* _DATASET CONTENT_:
____________________

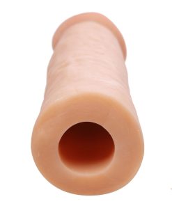 Slide into the Mega Penis Enlarger Sleeve and your size will be massively increased! This thick, stretchy, ultra realistic sleeve fits snugly around your shaft for extra staying power and an instant size boost, no creams, pills, or devices needed. The end is a solid extension that gives you another 2 inches in length! The Mega Enlarger Sleeve features thick walls of ultra realistic material that will add nearly another inch to your girth as well! This lifelike rubber is firm, yet squeezable, just like the real thing! For a custom fit, the bottom can be cut to size with a pair of scissors. Remains securely in place, with a hollow shaft that provides a snug fit. Guaranteed to add thickness and length and as easy to use as a condom, use the Mega Enlarger Sleeve today and enjoy your new longer, thicker, bigger rod!
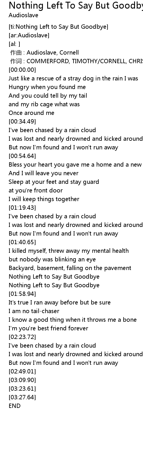 | [01:50.34] | Nothing Left to Say But Goodbye |
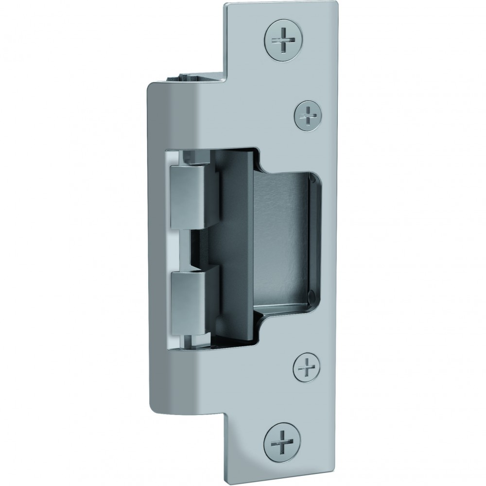 The 8000 series is a compact, high performance electric strike featuring a unique concealed design for use with cylindrical locksets. No cutting on the frame is required. Simply remove the existing strike plate, adjust the vertical alignment feature to the latchbolt centerline, and install. Its strength is derived from a unique keeper pin locking design, enabling the 8000 to exceed the ratings of the frame, door and locking hardware. This field selectable fail secure/fail safe unit is easy to install and accommodates latchbolts up to 5/8" throw. 801 Option For use with: Cylindrical locksets in ANSI metal jambs, with latchbolts up to 5/8" throw

____________________

* _WHAT YOU SHOULD DO_:
Word for word, output the lines from the beginning of the listing through the line holding "But Goodbye |" and nothing beyond them. Omit the pictures.

* _ANSWER BOX_:
 Slide into the Mega Penis Enlarger Sleeve and your size will be massively increased! This thick, stretchy, ultra realistic sleeve fits snugly around your shaft for extra staying power and an instant size boost, no creams, pills, or devices needed. The end is a solid extension that gives you another 2 inches in length! The Mega Enlarger Sleeve features thick walls of ultra realistic material that will add nearly another inch to your girth as well! This lifelike rubber is firm, yet squeezable, just like the real thing! For a custom fit, the bottom can be cut to size with a pair of scissors. Remains securely in place, with a hollow shaft that provides a snug fit. Guaranteed to add thickness and length and as easy to use as a condom, use the Mega Enlarger Sleeve today and enjoy your new longer, thicker, bigger rod!
 | [01:50.34] | Nothing Left to Say But Goodbye |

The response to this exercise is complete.